Мы засиживались до полуночи, прикидывая, решая и перерешая, и, наконец, окончательно надумали убирать «помочью». Пусть вдовы и солдатки, чьи загоны граничат, помогают друг другу не разбиваясь. Но легко учесть лошадей и жнейки, а как их взять? Разве пойдут добром на это богатеи? А там еще возка, молотьба… Но кто же, кроме комитета, будет заботиться о вдовах и солдатках, об инвалидах и бедных, лишенных основной рабочей силы семьях? Гришка–матрос сказал:
— С душой вырвем!
И еще стояло: все отруба и участки пустить в общий дележ по едокам. Это тяжелое дело. Но скоро начнется жнитво, там — молотьба и сев.
Комитет вступал в самый трудный час своей работы. Надвигалась горячая и тревожная пора. А тут слухи: в Петрограде выступали рабочие против Временного правительства, за власть Советов. Демонстрацию правительство раздавило, много пролилось крови, запрещены большевистские газеты. И страшный слух — будто арестован Ленин.
— Все равно — наша возьмет! — заявил матрос Гришка. — Отступать — задушат! А мы — солдаты.
29
Огромный дом священника, утопающий в сиреневых кустах, был от нас совсем недалеко. Широкие окна его пяти комнат в узорчатых, резных наличниках, как в кружеве. На окнах кисейные занавески. Высокая зеленая ограда окаймляла этот дом, в который никогда не вступала нога прихожанина, разве только — на кухню.

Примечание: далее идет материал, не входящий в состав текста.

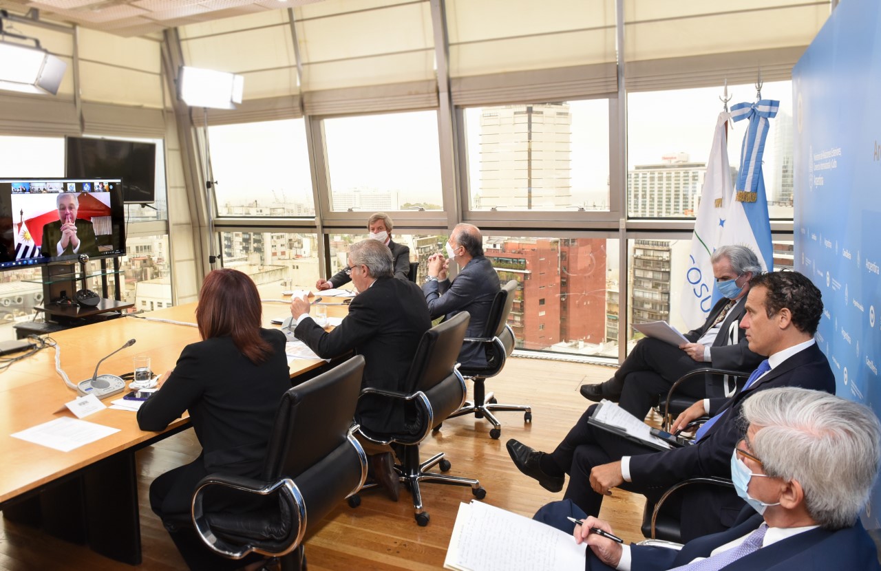 En su segunda intervención en la LVII Reunión del Consejo del Mercado Común (CMC) de los Estados Partes del Mercosur y Asociados, el canciller Felipe Solá destacó esta tarde los proyectos de infraestructura pendientes a nivel regional y la necesidad de priorizar “la mirada política y social del Mercosur en relación a otros procesos de integración subregionales”. Agradeció también “el tradicional apoyo a la cuestión Malvinas, que ha quedado reflejado en el comunicado conjunto que hemos aprobado”.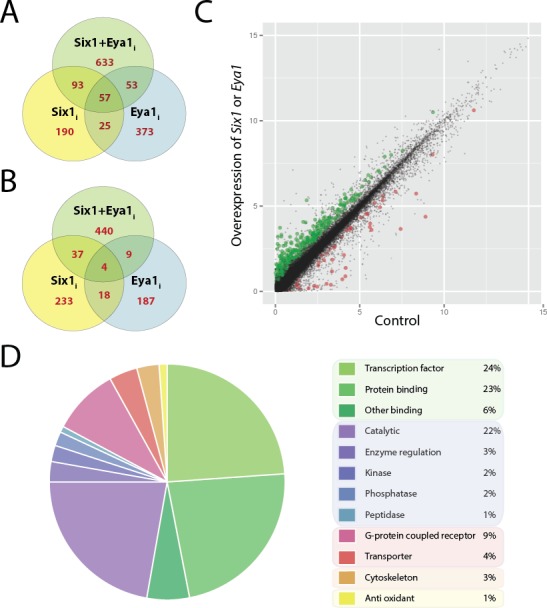 Figure 2. Differentially expressed genes after overexpression of Six1 and Eya1 in the PPE.Plots A and B show number of genes differentially regulated after overexpression of Six1 alone (Six1i; yellow), Eya1 alone (Eya1i; blue) or Six1 and Eya1 combined (Six1+Eya1i; green). Each Venn diagram shows the number of genes (red) unique for each treatment group or shared between them. (A) Number of genes up-regulated and (B) down-regulated after injection with Six1, Eya1 or Six1+Eya1. (C) The merged analysis resulted in hundreds of significantly differentially expressed genes in the PPE data set. Plot shows log2 transformed (FPKM+1) values after overexpression of Six1 or Eya1 (combination of all treatment groups; Six1+Eya1m). Green points represent significantly (q<0.05) up-regulated genes and red points show significantly down-regulated genes. Plot D shows the enrichment of molecular function terms after overexpression of Six1 or Eya1 based on significantly differentially expressed genes from the merged data set (Six1+Eya1m; Supplementary file 3, Table 5). The area of the pie represents the total number of functional terms contained in the analysis, with each slice representing the percentage of genes against this total. Molecular functions shown can be broadly divided into five categories: Green slices are related to binding functions (53%); purple/blue represents enzyme activity (30%); pink/red shows transmembrane proteins (13%); orange cytoskeleton (3%) and yellow anti-oxidant (1%).DOI: http://dx.doi.org/10.7554/eLife.17666.004 |
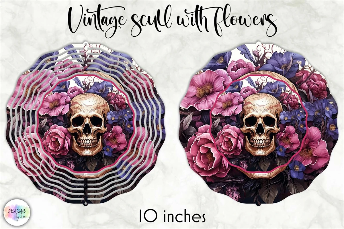 VINTAGE SCULL WITH FLOWERS WIND SPINNER.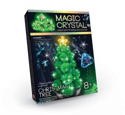 Набір для проведення дослідів "MAGIC CRYSTAL" Різдвяна ялинка. Вирощування кристалів - дуже цікаве заняття, причому займатися ним можуть не тільки хіміки і фізики, а й звичайні школярі, і навіть дорослі. Зрозуміло такі досліди треба проводити тільки під наглядом дорослих і тільки з безпечними речовинами. У природних умовах такі кристали ростуть не один рік і навіть не одну сотню років, а и вас є можливість виростити це чудо протягом декількох годин. У наборі: розчин "рідкі кристали", пластиковий контейнер-підставка, картонна заготівля, інструкція.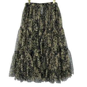 Lilith Skirt Womens Size Small Floral Brown Black Tiered Layered Tule Maxi Goth
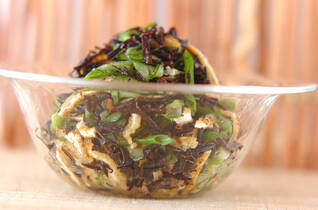 栄養たっぷりのヒジキをさっぱり酢の物でいただきます。油揚げをたっぷり入れるのもポイント。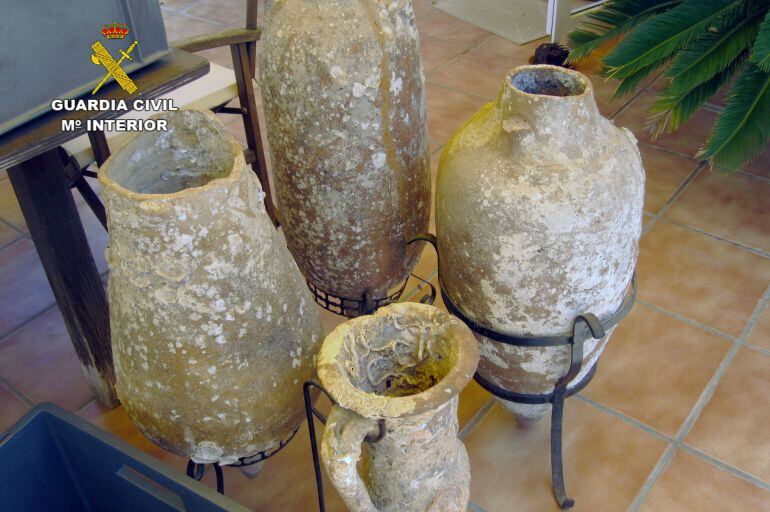 La Guardia Civil de la Región de Murcia ha culminado la operación 'Reona' con la localización y recuperación, en un domicilio de Cabo de Palos, de cuatro ánforas y un lingote de plomo de diferentes épocas romanas, que forman parte del Patrimonio Histórico Arqueológico de la Región de Murcia.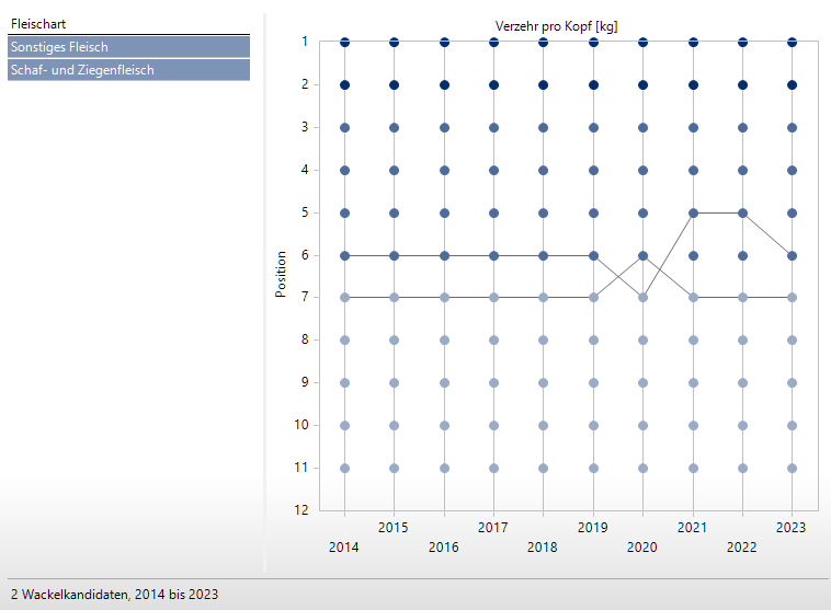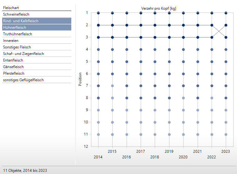 „Rind- und Kalbfleisch“ und Hühnerfleisch haben wir in der Liste markiert, und wir sehen die Ränge im Zeitverlauf als Linienzüge. Hühnerfleisch hält zunächst stabil den Rang 3, aber im Jahr 2023 – wie bereits bei der dynamischen Portfolioanalyse beobachtet – tauschen Rind und Huhn schließlich die Plätze.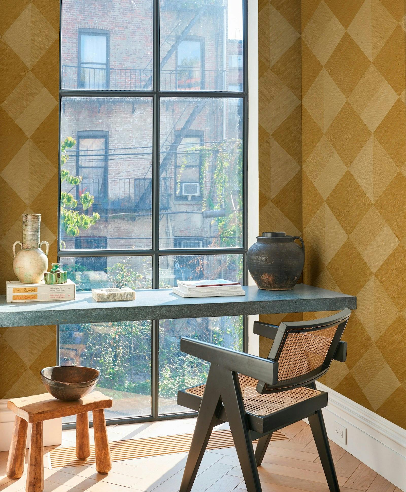 MAESTRO is a mosaic arrangement of diamond shapes in a geometric rhythm inspired by parquetry. This graphic, mid-scale design features directional, hand-placed Haruki Sisal pieces highlighting the material’s natural sheen. This masterful, artisanal grasscloth wallcovering will bring impact and richness to any space. Color variations and subtle irregularities are inherent to this wallpaper’s natural fibers and artisanal beauty.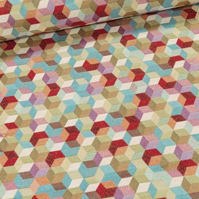 Směsová látka (tkanina) gobelín se vzorem vícebarevných krychliček. Látka je v šířce 140 cm a je vyrobena ze 50% polyesteru a 50% bavlny (310g/m2). Látka je pevná pestře tkaná,...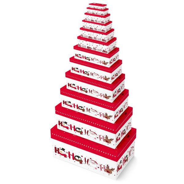 Material: Cardboard. Design: Candy, Oblong, Printed, Santa Claus, Stars, Text. Occasion: Christmas. Please Note: Includes Multiple Sizes. Stackable.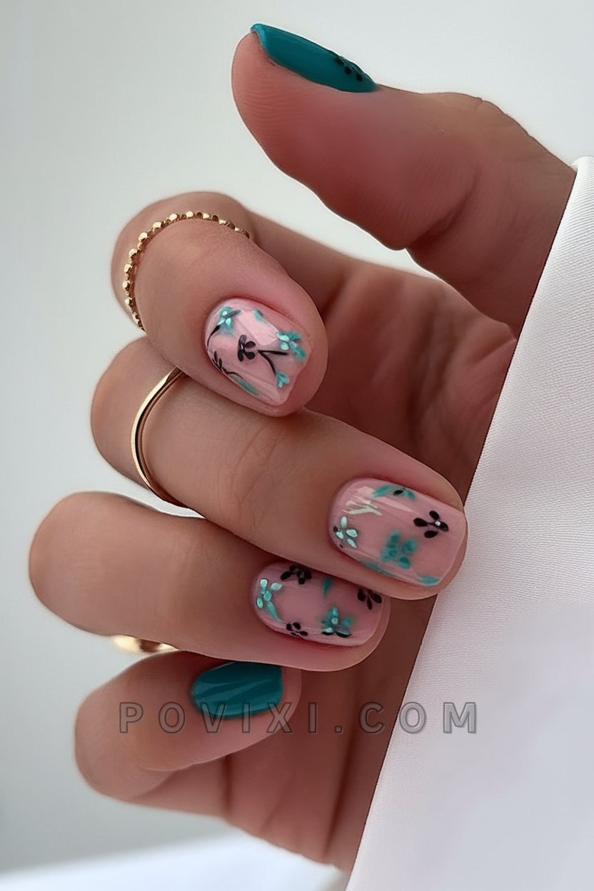 The design features delicate blue, black and yellow flowers moving across a nude background. One nail is completely covered in teal for a striking color accent that creates both depth and edginess. People looking for fashionable floral designs from 2025 will especially love this nail art pattern. The squoval nail shape creates a comfortable and fashionable style that works well for picnics as well as poolside brunches.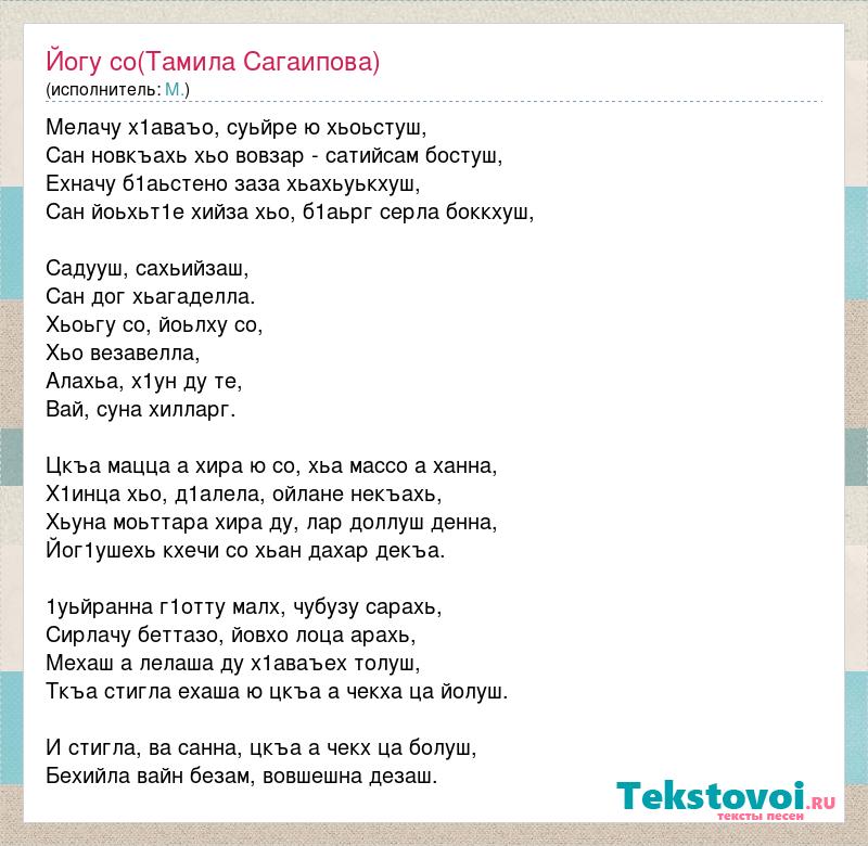 Мелачу х1аваъо, суьйре ю хьоьстуш, Сан новкъахь хьо вовзар - сатийсам бостуш, Ехначу б1аьстено заза хьахьуькхуш, Сан йоьхьт1е хийза хьо, б1аьрг серла боккхуш, Садууш, сахьийзаш, Сан дог хьагаделла. Хьоьгу со, йоьлху со, Хьо везавелла, Алахьа, х1ун ду те, Вай, суна хилларг. Цкъа мацца а хира ю со, хьа массо а ханна, Х1инца хьо, д1алела, ойлане некъахь, Хьуна моьттара хира ду, лар доллуш денна, Йог1ушехь кхечи со хьан дахар декъа. 1уьйранна г1отту малх, чубузу сарахь, Сирлачу беттазо, йовхо лоца арахь, Мехаш а лелаша ду х1аваъех толуш, Ткъа стигла ехаша ю цкъа а чекха ца йолуш. И стигла, ва санна, цкъа а чекх ца болуш, Бехийла вайн безам, вовшешна дезаш.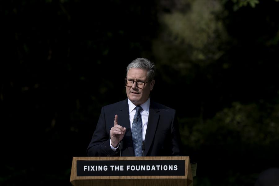 O primeiro-ministro do Reino Unido, Keir Starmer, discursa no jardim do nº 10 da Downing Street, em Londres, Reino Unido, em 27 de agosto de 2024. (Simon Dawson/Nº 10 Downing Street/Divulgação via Xinhua)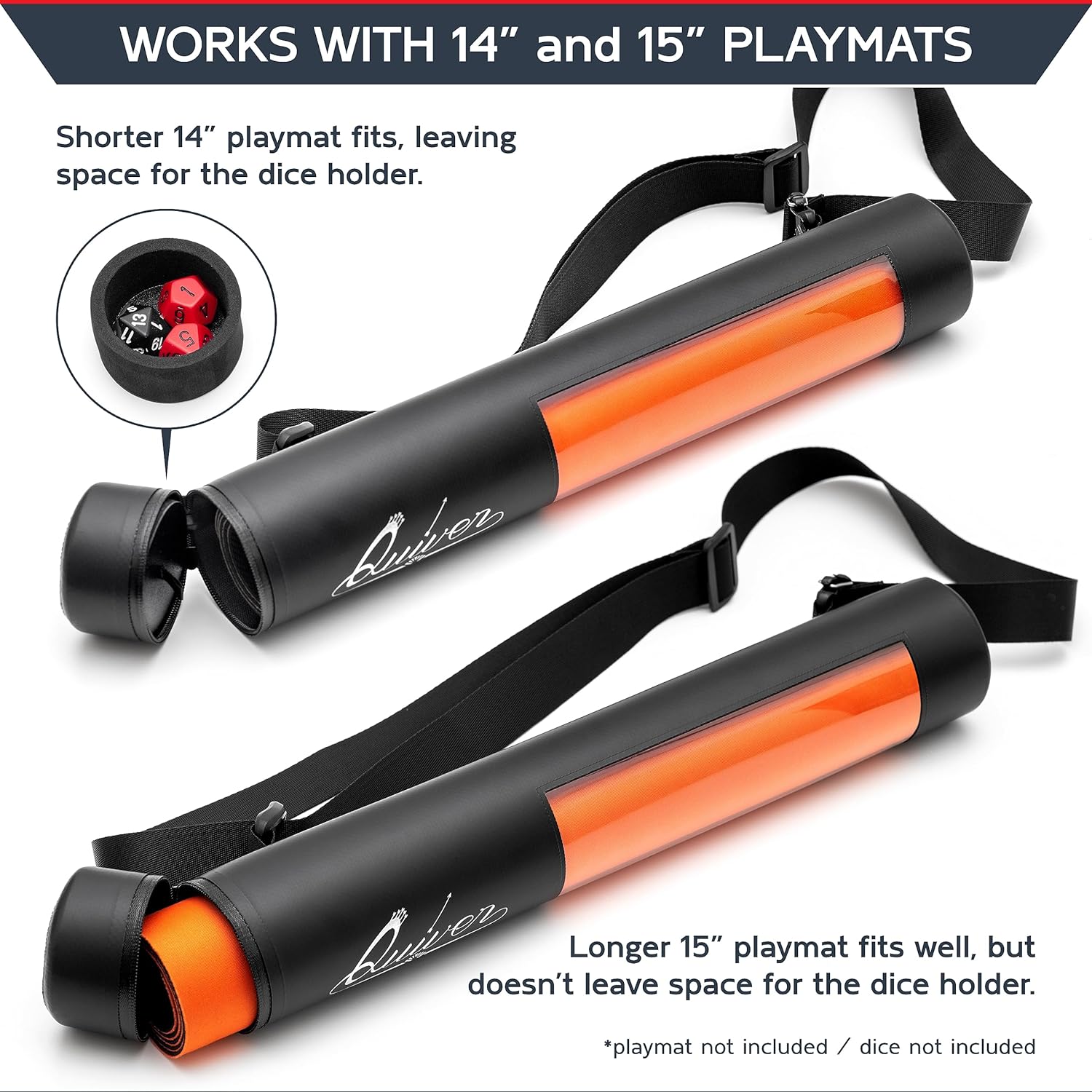 Quiver Time Black XL Orion Playmat Tube - TCG MtG Playmat Tube Case with Waterproof Zipper, Hidden Dice Pocket, Adjustable Removable Shoulder Strap, See-Through Window, Fits 14" and 15" playmats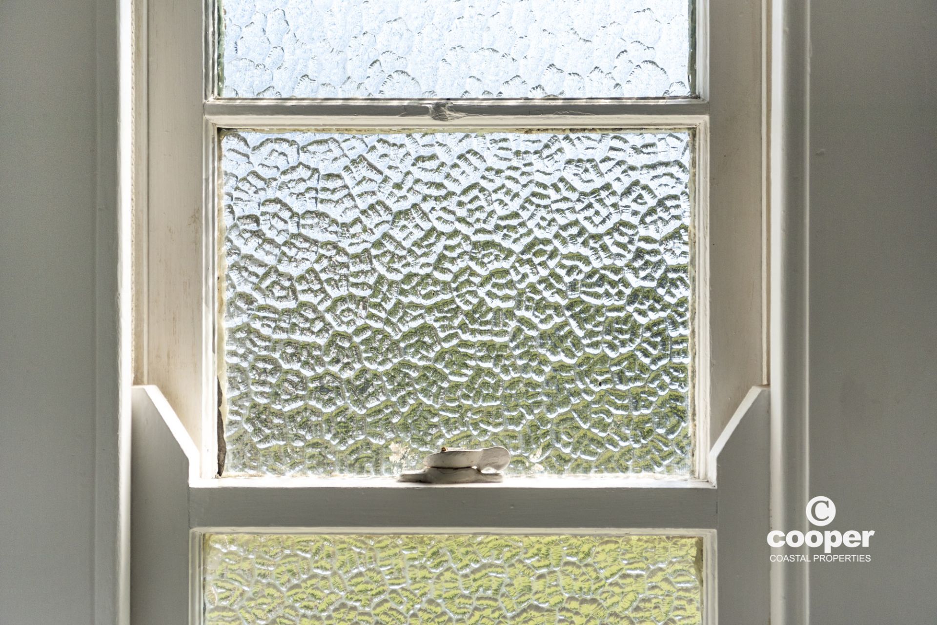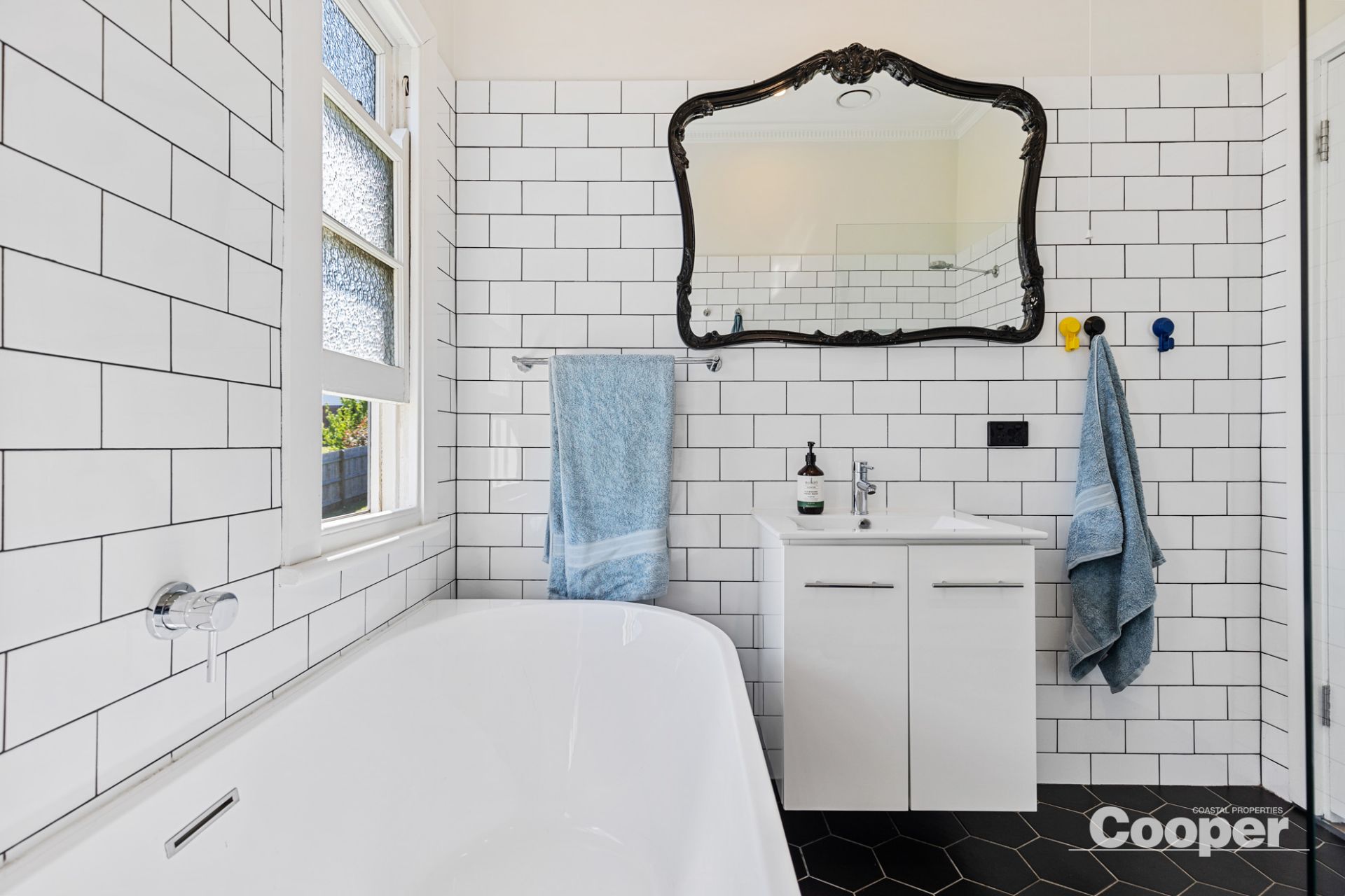The bathroom is a real talking point; with free standing bath, frameless glass shower screen, double frosted original windows, black & white tiled floors - a real showroom piece.

Мы подошли к ступенчатой терраске. Здесь на соломенных стульях сидели две девушки — дочери священника, епархиалки Зоя и Леля. Шустрая, подвижная Леля читала вслух какую-то книгу, а Зоя, постарше, вязала кружева. Мы остановились возле, посмотрели на них. Отец мой, которого мы взяли ради его большой дружбы со священником, вынул из кармана своих порванных штанов табакерку и, отвернувшись к церкви, нюхнул с присвистом. Застеснявшийся Павлушка прошептал мне:
— Тут, что ль, войдем или через кухню?
Я взглянул на солдатку Машу. Какими сердитыми глазами уставилась она на этих девушек! Ведь не они же отказали в жнейках солдаткам, а их папаша. Он вчера прогнал солдаток со двора. Что же, теперь вот мы, уже целым комитетом, пришли. И я, сняв фуражку, раскланиваюсь:
— Здравствуйте, барышни Зоя и Леля!
— Вам что, мужики? — поднимает на нас глаза старшая и поправляет очки, которые делают ее строгой, совершенно неприступной.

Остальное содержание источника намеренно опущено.